Task instructions
From the line containing "Für eine elegante" to the line containing "Figuur 2: Aantal" in the records below, set down every line exactly as it stands, both ends included, and skip the pictures.

Task inputs
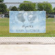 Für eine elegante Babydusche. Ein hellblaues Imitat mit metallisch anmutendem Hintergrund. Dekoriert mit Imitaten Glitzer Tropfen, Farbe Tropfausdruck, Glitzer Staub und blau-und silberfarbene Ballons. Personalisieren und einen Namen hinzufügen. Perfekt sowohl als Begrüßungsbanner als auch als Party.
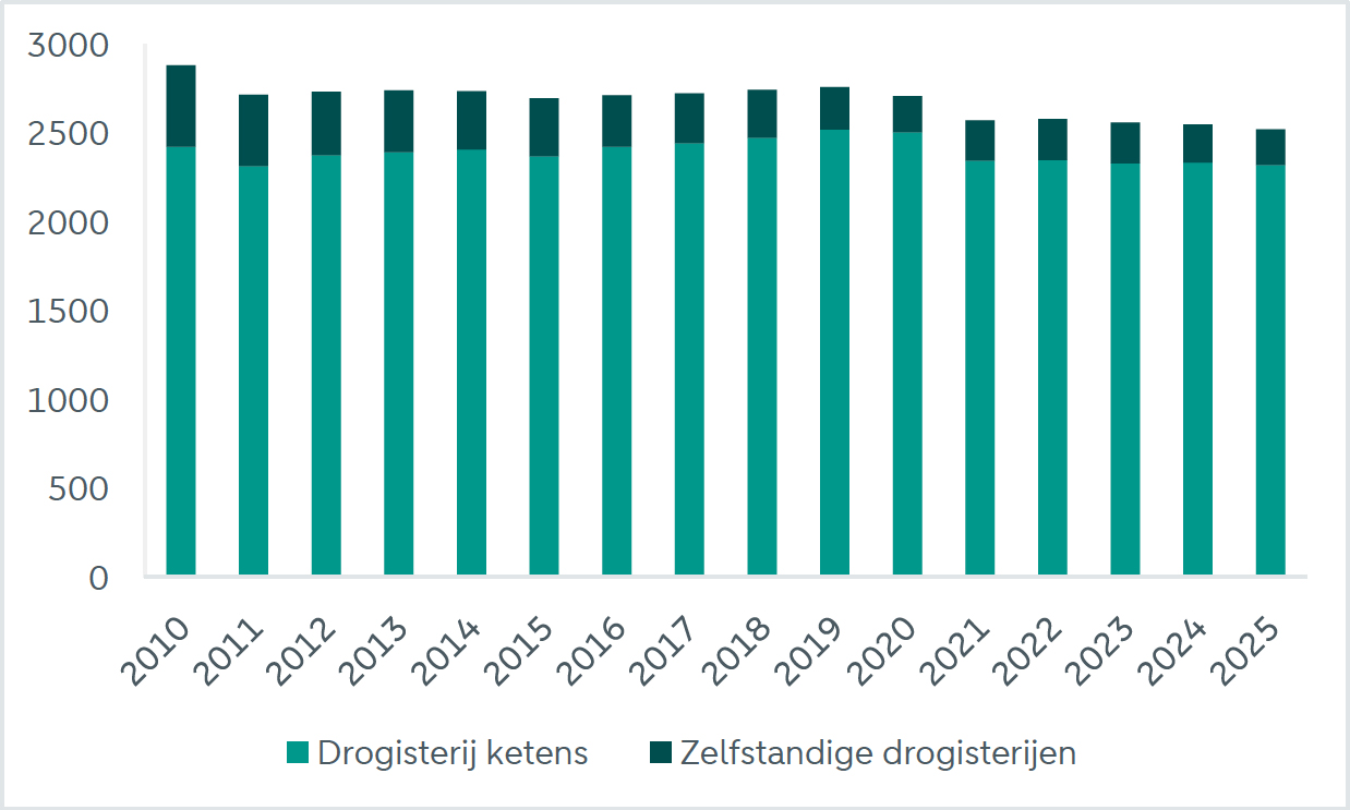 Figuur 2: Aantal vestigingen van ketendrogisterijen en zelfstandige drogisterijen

...

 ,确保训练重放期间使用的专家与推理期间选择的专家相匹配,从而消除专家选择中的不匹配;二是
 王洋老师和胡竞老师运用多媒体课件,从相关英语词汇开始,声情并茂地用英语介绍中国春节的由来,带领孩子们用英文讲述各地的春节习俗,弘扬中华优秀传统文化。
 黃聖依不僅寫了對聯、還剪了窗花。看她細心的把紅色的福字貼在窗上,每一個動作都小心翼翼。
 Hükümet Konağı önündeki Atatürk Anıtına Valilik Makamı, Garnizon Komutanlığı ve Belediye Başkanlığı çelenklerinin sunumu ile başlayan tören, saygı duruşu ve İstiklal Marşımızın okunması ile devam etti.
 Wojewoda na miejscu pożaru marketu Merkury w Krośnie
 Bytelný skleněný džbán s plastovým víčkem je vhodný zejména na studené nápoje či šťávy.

Task output
 Für eine elegante Babydusche. Ein hellblaues Imitat mit metallisch anmutendem Hintergrund. Dekoriert mit Imitaten Glitzer Tropfen, Farbe Tropfausdruck, Glitzer Staub und blau-und silberfarbene Ballons. Personalisieren und einen Namen hinzufügen. Perfekt sowohl als Begrüßungsbanner als auch als Party.
 Figuur 2: Aantal vestigingen van ketendrogisterijen en zelfstandige drogisterijen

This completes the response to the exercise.